Satirnya: ini kemenangan Yaman. Di tengah kelaparan, rumah sakit runtuh, mereka korbankan segalanya demi Palestina, yang mereka anggap lebih menderita di Gaza. Yaman menonjol sebagai satu-satunya negara yang konsisten serang Israel dari jarak jauh dengan keberanian seperti ini. Sementara, Israel, dengan segala kuasa, hadapi krisis yang bisa usai jika hentikan tindakan di Gaza, yang oleh ICC dikaitkan dengan kejahatan perang. Israel menuai apa yang ditaburnya.
Kemenangan Yaman bukan cuma rudal atau kapal. Mereka ubah persepsi global: Israel bukan lagi destinasi aman. Maskapai hindari Ben Gurion, pelayaran hindari Eilat. Dunia bisnis waswas, investor ragu. Pariwisata, perdagangan, gaya hidup Israel—semua terpukul. Yaman, dari kelemahan, bukti bahwa solidaritas bisa guncang kuasa. Tapi harga dibayar mahal: rakyat Sana’a kelaparan, Tel Aviv gelisah, Gaza terus berdarah. Absurditas perang ini tak berkesudahan.
Blokade laut dan udara tak cuma ganggu ekonomi; mereka ubah cara Israel dilihat. Dunia tanya: jika langit dan laut Israel tak aman, apa lagi yang tersisa? Pertanyaan itu, lebih dari rudal, adalah senjata Yaman. Ketakutan jadi blokade terkuat dalam dunia terhubung oleh langit dan laut. Kita menatap, menghela napas, bertanya-tanya kapan roda perang ini berhenti. Tapi Yaman, dari puing, terus berteriak: Gaza tak boleh dilupakan.

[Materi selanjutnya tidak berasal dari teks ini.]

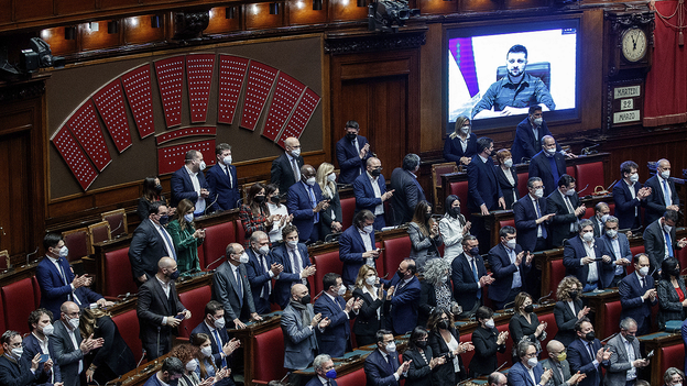 “Kyiv has been through harsh wars throughout its history. After all of the victims and sacrifice it deserves to live in peace just as the same as Rome deserves to live in eternal peace, or any other city in this world,” Zelenskyy told Italian lawmakers. “Unfortunately, this is not the case. The bombs are falling every day, these attacks are happening in Kyiv and around towns in Kyiv. Russian troops around Kyiv are killing and torturing.
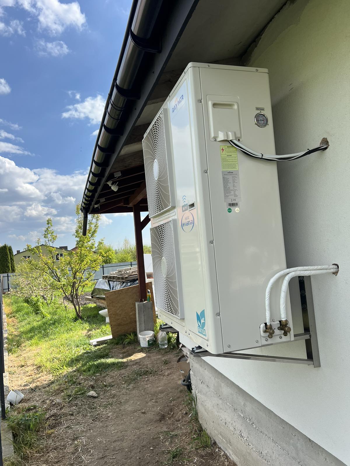 Для решения этой задачи было принято решение о монтаже теплового насоса воздух-вода Raymer RAY-15DS1 EVI, который известен своей высокой энергоэффективностью и способностью работать в широком диапазоне температур:

Israel coba bertahan. El Al tambah penerbangan, Haifa kerja keras. Tapi tekanan tak surut. Warga biasa, dari Tel Aviv ke Haifa, rasakan beban: tiket mahal, barang langka, ketidakpastian merayap. Yaman, dengan rudal dan drone, buktikan bahwa jarak bukan penghalang. Mereka, dari negeri porak-poranda, ubah keseimbangan. Solidaritas mereka untuk Gaza jadi pukulan yang Israel tak pernah duga, meski dunia tetap diam.
Di Sana’a, seorang anak mungkin tak makan malam, tapi keluarganya bangga: rudal mereka guncang Tel Aviv. Di Gaza, rakyat dengar kabar serangan Yaman, mungkin rasakan secercah harapan. Di Israel, kegelisahan merasuk: langit tak lagi milik mereka, laut pun terkunci. Yaman, dengan segala keterbatasan, menang dalam narasi: mereka buktikan kuasa tak selalu menang. Tapi perang ini, dengan segala satirnya, tinggalkan luka di semua pihak.
Kita, penonton dari jauh, hanya bisa menggeleng. Yaman, dari kehancuran, lemparkan tantangan yang guncang dunia. Israel, dengan segala klaim keunggulan, terhuyung di bawah tekanan yang bisa mereka akhiri. Gaza, di tengah derita, jadi alasan perjuangan. Langit dan laut jadi medan perang, ketakutan jadi senjata. Kita menghela napas, bertanya-tanya: kapan absurditas ini usai, ataukah zionis akan terus membenarkan genosida di Gaza, sementara Yaman takkan pernah tinggal diam?